Только Чан это произнес, как на баррикаде появился Дхандас. Ударяя налево и направо обоюдоострым мечом, он упорно пробивался вперед. Я не сомневаюсь, что в это время он ни о чем не думал, кроме как о жуке-скарабее, с помощью которого он завладеет наконец сокровищами Серафиса.
Гвардейцы вынуждены были отступить. Мешки с песком полетели вниз, расчищая проход для солдат Нохри.
Царица укрылась в тронном зале, а голоса мятежников между тем раздавались все ближе и ближе. Из защитников дворца оставались в живых Чан, Яхмос, я и не более сорока солдат. Лицо Серисис было бледно, как полотно. Молча, с достоинством, не спеша подошла она к трону и села с высоко поднятой головой, украшенной короной. Она приготовилась принять удар судьбы стойко, как подобает царице, чьи предки были великими фараонами.
Полководец Нохри в сопровождении Гора — Дхандаса продвинулся к самым дверям тронного зала и громко крикнул:
— Серисис, оставь престол Митни-Хапи тому, у кого достаточно сил, чтобы овладеть им и удержать его в своих руках!
Но не успел еще Нохри закрыть рот, как внизу послышался страшный шум и раздались крики ужаса. Затем наступила тишина, и мы ясно услышали, как кто-то иронически произнес:
— О! Пойдемте же вперед и посадим Нохри на трон!
Я сразу узнал этот голос. Он принадлежал не кому иному, как капитану Дхирендре.
В отличие от Чана, который никогда не выходил из себя, капитан Дхирендра был человеком горячим и поэтому, забывшись, произнес эту фразу во всеуслышание на хинди.
Отряд Дхирендры и Бакни появился с тыла так внезапно, что мятежники растерялись от неожиданности и большинство обратилось в бегство. Дхирендра и Бакни быстро заняли мраморную лестницу, а оставшиеся в живых гвардейцы вышли из тронного зала на соединение с ними. Таким образом Нохри и Дхандас попали в окружение. Дхандас не собирался сдаваться и беспорядочно размахивал мечом, от которого страдали не столько гвардейцы, сколько его же соратники.
Нохри понял, что он бессилен что-либо сделать, и кинулся на прорыв в тронный зал. Его доспехи защитили его от мечей, но несколько гвардейцев, оставшихся с царицей, сумели справиться с ним и обезоружили его.
Дхандас, увидев, что он остался теперь один, бросился вниз по лестнице прямо на Дхирендру. Дхандас был сильнее Дхирендры и рассчитывал, оттолкнув его в сторону, спастись бегством.

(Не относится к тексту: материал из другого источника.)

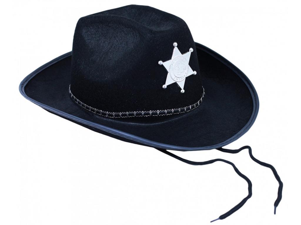 Karnevalový klobouk šerif černé barvy s odznakem a

Дхирендра из каких-то соображений не стал стрелять из револьвера, но не пропустил Дхандаса, и между ними завязалась борьба. Дхирендра не устоял на ногах, и, тесно сцепившись друг с другом, оба бога покатились по лестнице. При падении их маски сломались, слетели с головы, и серафийцы впервые увидели их настоящие лица.
Вполне возможно, что Дхандас убил бы Дхирендру, но тут неожиданно один из мятежников со злостью воткнул копье ему в грудь, и Дхандас распластался на спине, широко раскинув руки и ноги. Потом он попытался встать, но силы оставили его, и голова беспомощно упала набок. Так негодяй, подло предавший своих товарищей, погиб от руки тех, с кем он пошел против нас, а благородный капитан Дхирендра даже в минуту смертельной опасности не выстрелил в своего заблудшего соотечественника, хотя его револьвер был в боевой готовности.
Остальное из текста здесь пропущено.